I do yoga. And here’s the thing…I’m pretty good at it and really love it.
This is coming from a woman who willed herself to have a menstrual period for 4 straight years to avoid playing volleyball in high school gym (and the coach let me get away with it because I sucked that much and I might hurt someone.) The woman who, as a child, only looked forward to Track Day at Del City Elementary because, hello, PICNIC! The woman who refuses to sweat in any situation where a happy ending is not possible. Who can’t run 10 feet without tripping over something. Or knocking out my own front teeth with my epic knockers.
My general opinion of any sport/physical activity is pretty congruent with George Carlin…..
IT’S NOT A SPORT.
So, I really don’t give a crap about being physically fit, per se. What I lack in strength and coordination and any real concern about my physical well being, I make up for with crazy flexibility I do yoga for depression and anxiety issues, because it is better than drugs, and it may well be the only thing that stands between me and smacking some asshat with a shovel. Huge stress buster, HUGE. On Monday and Thursday evenings, my brain turns to TV static for about 45 minutes, and I feel awesome. (As my buddy Cindy points out, “Yeah, right. Because standing on your head in the dark to flute music solves everything”.)
So, okay, I like my yoga class, lots and lots. Good group of various people, good instructors, no competitive sweating, nothing is in Sanskrit, the room temperature is just precisely that, and NOT the surface of the sun. The regular instructor is on vacation….
Last Thursday, the instructor was actually great. I initially judged her based on her appearance….skinny, muscles, probably vegan…and I was wrong. She rocked. Last night, however….
First…the bitch was 10 minutes late. Unacceptable. Because I am never late. Ever.
Okay, fine, whatever. But my inner peace is entirely contingent upon the room already being dark and Enya is already playing when I enter the room, dammit. So, yeah, I am already getting my anticipatory mellow harshed on.

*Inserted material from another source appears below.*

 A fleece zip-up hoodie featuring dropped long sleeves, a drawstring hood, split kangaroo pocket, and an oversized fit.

Then, she shows up. And she’s about sixteen, spray tanned, and wearing itsy bitsy shorts that have PINK splashed across her ass. Plus, let’s just say, Lower Plank will NEVER happen here, because the implants will rupture. Of all the nights for no guys to be in the class, because….

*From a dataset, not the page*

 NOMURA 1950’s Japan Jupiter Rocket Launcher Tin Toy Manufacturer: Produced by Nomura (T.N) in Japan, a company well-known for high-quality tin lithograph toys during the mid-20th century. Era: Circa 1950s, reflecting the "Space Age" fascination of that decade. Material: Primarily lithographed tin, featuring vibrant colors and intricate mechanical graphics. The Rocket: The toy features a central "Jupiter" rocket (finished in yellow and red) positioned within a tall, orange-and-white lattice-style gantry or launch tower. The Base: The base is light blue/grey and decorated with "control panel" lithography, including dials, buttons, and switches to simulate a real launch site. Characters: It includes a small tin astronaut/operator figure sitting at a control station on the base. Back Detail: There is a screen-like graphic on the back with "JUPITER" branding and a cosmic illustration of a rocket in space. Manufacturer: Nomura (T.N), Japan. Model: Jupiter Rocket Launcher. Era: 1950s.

I reminded myself to withhold judgment….how would I feel if someone judged my own, very cute teenaged daughter like this?
That didn’t last very long.
So, after she BOTHERS to show up, she then spends another 10 minutes trying to hook up her iPod. All the while, giggling and using the one thing that will make me automatically loathe you…UP SPEAK. (Where everything? Ends like a question? Even when it’s not a question? Or a complete sentence? Even young professional women do this?)

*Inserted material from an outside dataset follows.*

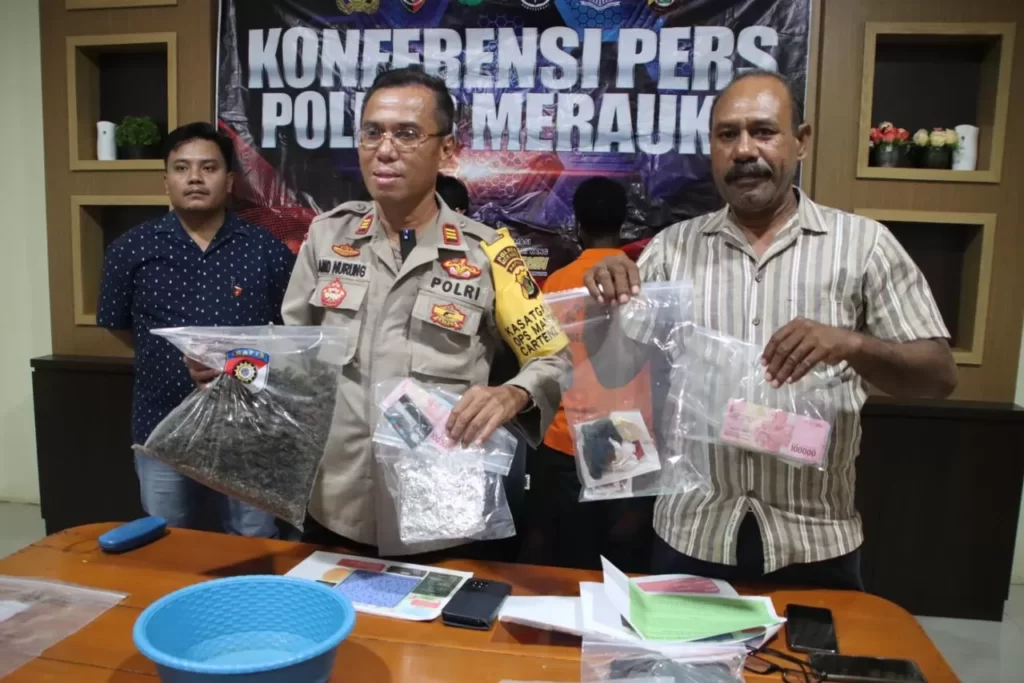 TERASTIMUR.com, MERAUKE – Dua pengedar Narkotika jenis ganja di Merauke berhasil ditangkap oleh Satuan Reserse Narkoba Polres Merauke.

“I’m like, sorry? Um, okay, everyone like, just lie on your mats and like breathe?”
I look down at her feet, and she’s wearing those absurd disposable flip flops…because she just got her feet done. MY inner peace was less important than her pedicure!?
Finally, she starts the class. And instead of the bored up speak….she is barking out poses like it’s cheer camp. Any second now, it was gonna be…”READY!! OKAY!!” What the fuck!?
I want to say they looked EXACTLY like this? But Google? Didn’t have a picture of feet that were spray tanned orange? With neon green polish? And it’s rude? To take cell phone pictures? In a yoga class?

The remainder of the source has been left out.